Triq il-Wiesgħa Tower (), originally known as Torre della Giddida and also called Mwejġel Tower ( or ), is a small watchtower near Żabbar, Malta. It was built in 1659 as the ninth of the De Redin towers. The tower suffered extensive damage in the 20th century, with parts of the structure being demolished, but it was restored between 2008 and 2009 and it is now in good condition.

History
Triq il-Wiesgħa Tower was built in 1659 on the shore east of the Grand Harbour. Its name means "Wide Street", because of the wide stretch of coastline it had to defend. It follows the standard design of the De Redin towers, having a square plan with two floors and a turret on the roof. Triq il-Wiesgħa Tower had Santa Maria delle Grazie Tower in its line of sight to the west, and Żonqor Tower to the east, but these no longer exist as they were both demolished by the British military.
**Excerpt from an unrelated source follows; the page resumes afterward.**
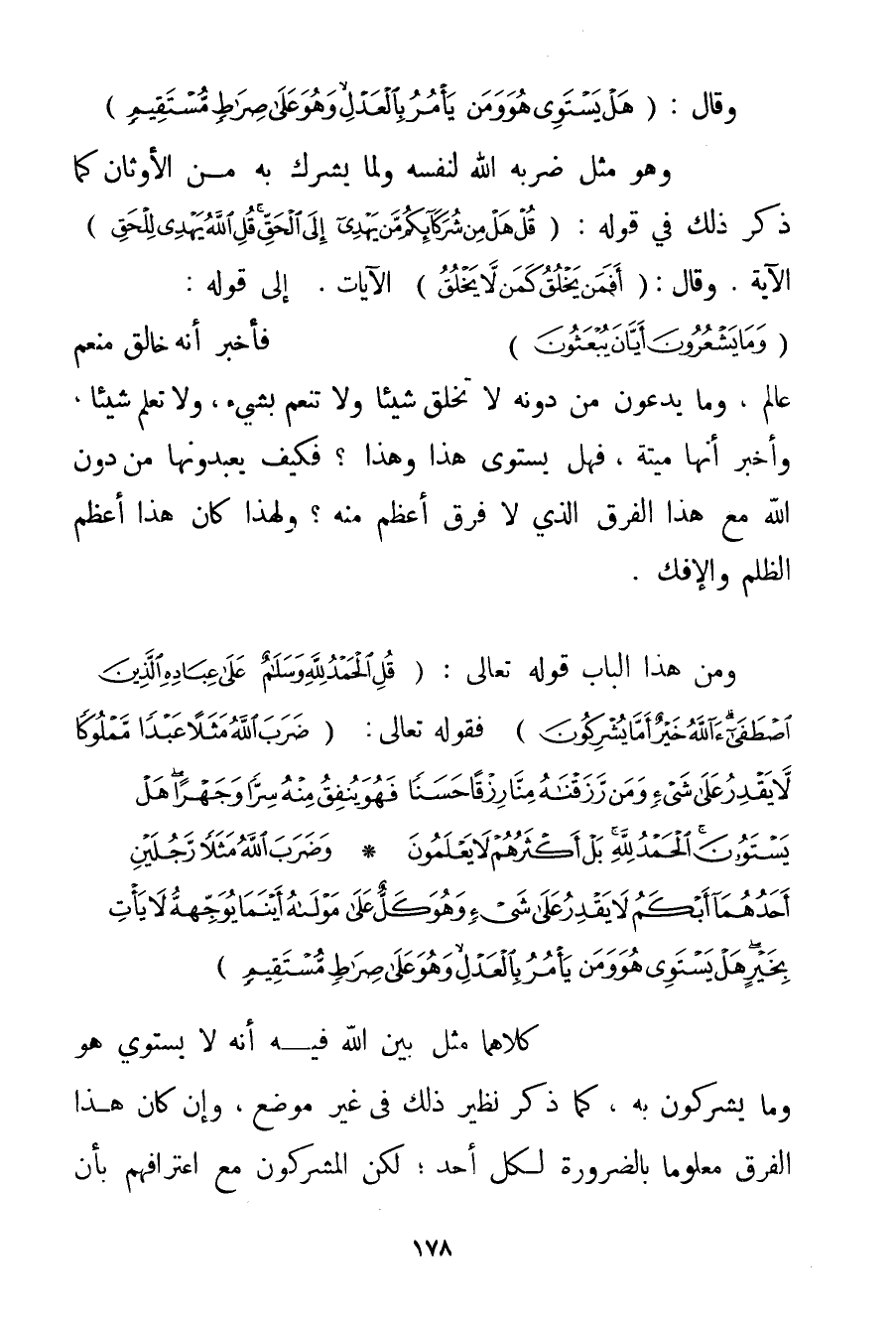 وَقَالَ: {هَلْ يَسْتَوِي هُوَ وَمَنْ يَأْمُرُ بِالْعَدْلِ وَهُوَ عَلَى صِرَاطٍ مُسْتَقِيمٍ} وَهُوَ مَثَلٌ ضَرَبَهُ اللَّهُ لِنَفْسِهِ وَلِمَا يُشْرَكُ بِهِ مِنْ الْأَوْثَانِ كَمَا ذُكِرَ ذَلِكَ فِي قَوْلِهِ: {قُلْ هَلْ مِنْ شُرَكَائِكُمْ مَنْ يَهْدِي إلَى الْحَقِّ قُلِ اللَّهُ يَهْدِي لِلْحَقِّ} الْآيَةَ. وَقَالَ: {أَفَمَنْ يَخْلُقُ كَمَنْ لَا يَخْلُقُ} الْآيَاتِ. إلَى قَوْلِهِ: {وَمَا يَشْعُرُونَ أَيَّانَ يُبْعَثُونَ} فَأَخْبَرَ أَنَّهُ خَالِقٌ مُنْعِمٌ عَالِمٌ وَمَا يَدْعُونَ مِنْ دُونِهِ لَا تَخْلُقُ شَيْئًا وَلَا تُنْعِمُ بِشَيْءِ وَلَا تَعْلَمُ شَيْئًا وَأَخْبَرَ أَنَّهَا مَيْتَةٌ فَهَلْ يَسْتَوِي هَذَا وَهَذَا؟ فَكَيْفَ يَعْبُدُونَهَا مِنْ دُونِ اللَّهِ مَعَ هَذَا الْفَرْقِ الَّذِي لَا فَرْقَ أَعْظَمَ مِنْهُ؟ وَلِهَذَا كَانَ هَذَا أَعْظَمُ الظُّلْمِ وَالْإِفْكِ. وَمِنْ هَذَا الْبَابِ قَوْله تَعَالَى {قُلِ الْحَمْدُ لِلَّهِ وَسَلَامٌ عَلَى عِبَادِهِ الَّذِينَ اصْطَفَى آللَّهُ خَيْرٌ أَمْ مَا يُشْرِكُونَ} فَقَوْلُهُ تَعَالَى: {ضَرَبَ اللَّهُ مَثَلًا عَبْدًا مَمْلُوكًا لَا يَقْدِرُ عَلَى شَيْءٍ وَمَنْ رَزَقْنَاهُ مِنَّا رِزْقًا حَسَنًا فَهُوَ يُنْفِقُ مِنْهُ سِرًّا وَجَهْرًا هَلْ يَسْتَوُونَ الْحَمْدُ لِلَّهِ بَلْ أَكْثَرُهُمْ لَا يَعْلَمُونَ} {وَضَرَبَ اللَّهُ مَثَلًا رَجُلَيْنِ أَحَدُهُمَا أَبْكَمُ لَا يَقْدِرُ عَلَى شَيْءٍ وَهُوَ كَلٌّ عَلَى مَوْلَاهُ أَيْنَمَا يُوَجِّهْهُ لَا يَأْتِ بِخَيْرٍ هَلْ يَسْتَوِي هُوَ وَمَنْ يَأْمُرُ بِالْعَدْلِ وَهُوَ عَلَى صِرَاطٍ مُسْتَقِيمٍ} كِلَاهُمَا مَثَلٌ بَيَّنَ اللَّهُ فِيهِ أَنَّهُ لَا يَسْتَوِي هُوَ وَمَا يُشْرِكُونَ بِهِ كَمَا ذُكِرَ نَظِيرُ ذَلِكَ فِي غَيْرِ مَوْضِعٍ وَإِنْ كَانَ هَذَا الْفَرْقُ مَعْلُومًا بِالضَّرُورَةِ لِكُلِّ أَحَدٍ؛ لَكِنْ الْمُشْرِكُونَ مَعَ اعْتِرَافِهِمْ بِأَنَّ

In the 1870s, Fort Leonardo was built about  away from the tower. The fort was on high ground and Triq il-Wiesgħa Tower did not fall in its line of fire. Had the tower fell within the line of fire, it would have most probably been demolished, as was done in other cases such as Delimara Tower and Bengħisa Tower, which were demolished to clear the lines of fire of Fort Delimara and Fort Benghisa respectively.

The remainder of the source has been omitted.